Abraham Lichtstein (אברהם לכטשטיין) was a Polish rabbi and Talmudist. He served as the Av Beis Din of Przasnysz, Poland and authored a commentary on the Pentateuch entitled Kanfei Nesharim (כנפי נשרים, "Wings of Eagles").

== Early life, education and career ==
Lichtstein was born in Białystok at the end of the eighteenth century. He was the son of Rabbi Eliezer Lipman Lichtstein and grandson of Rabbi Kalman of Białystok.

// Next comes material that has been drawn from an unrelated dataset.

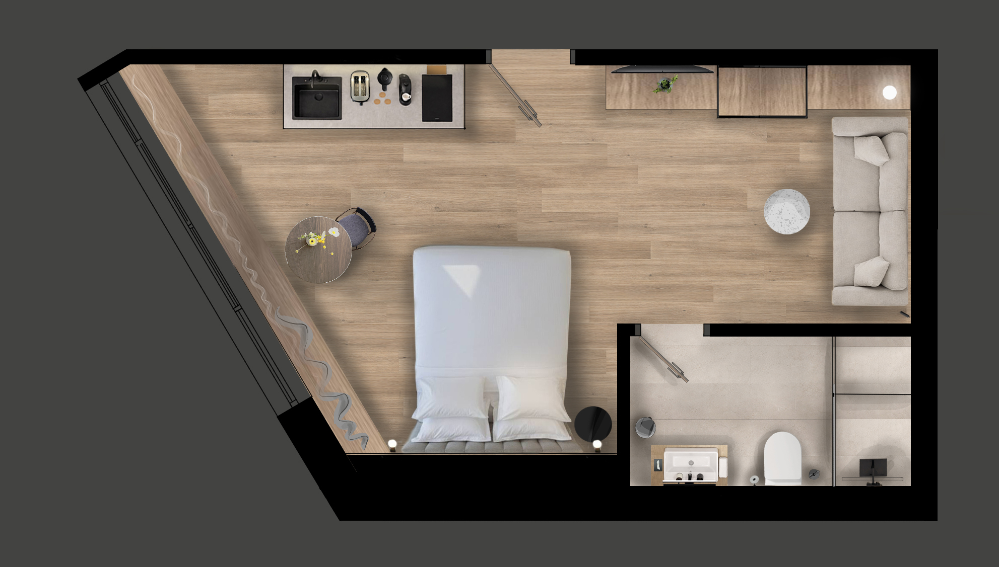 Το Στούντιο με Καναπέ-Κρεβάτι στο master Plaka Athens προσφέρει άνεση και ευελιξία, φιλοξενώντας έως και τέσσερις επισκέπτες. Με 30 τ.μ. προσεγμένου χώρου, το διαμέρισμα ακολουθεί μια μοντέρνα μίνιμαλ αισθητική, με ουδέτερους τόνους και λειτουργικές λεπτομέρειες που εξασφαλίζουν μια ήρεμη διαμονή.
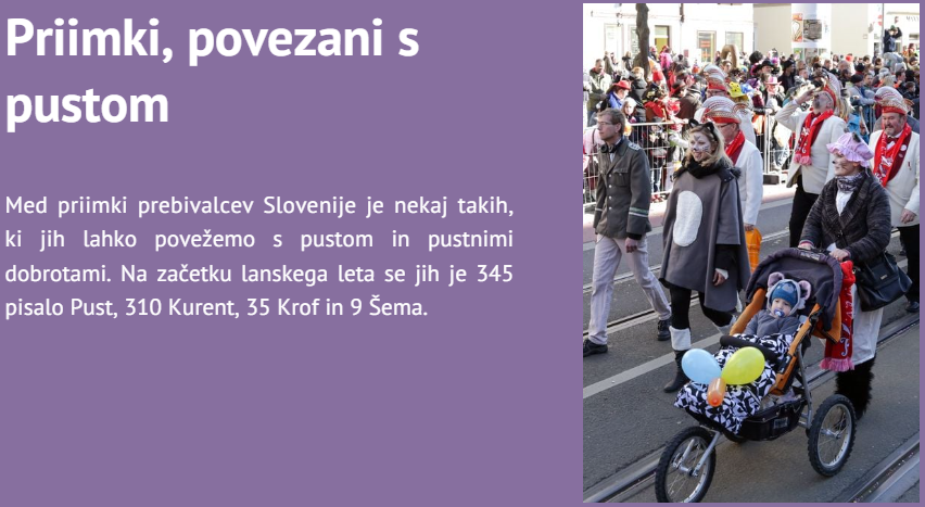 Na začetku lanskega leta je bilo 345 oseb s priimkom Pust, 310 oseb s priimkom Kurent, 35 oseb s priimkom Krof in devet oseb s priimkom Šema.

His major work, Kanfei Nesharim, was published in Warsaw in 1881. The sefer is divided into several parts, each with a separate name:
1. Kiryat Sefer, an introduction to each book of the Pentateuch
2. To'aliyyot ha-Ralbag, a treatment of the doctrines deduced by Gersonides from passages of the Torah
3. Abach Soferim, miscellanea
4. Machazeh Abraham, consisting of sermons on each section of the Torah
5. Ner Mitzvah, a treatment of the number of the precepts according to Maimonides
6. Shiyyure Miẓwah, a treatment of the additional precepts according to Nahmanides, Moses ben Jacob of Coucy, and Isaac ben Joseph of Corbeil
7. Milchemet Mitzvah, on the disputes among various authorities concerning the numbering of the precepts by Maimonides
8. Torat ha-Ḳorbanot, on the Levitical laws of offerings and on the order of the High Priest's service in the Sanctuary on Yom Kippur
9. Sha'arei Tziyyon, orations on theological subjects

The whole work was published together with the text of the Pentateuch (Josefow, 1829) and republished without the text (Vilna, 1894).

Lichtstein also authored a commentary on the Sefer ha-Tappuach, which was published together with the text in the Grodno edition of 1799.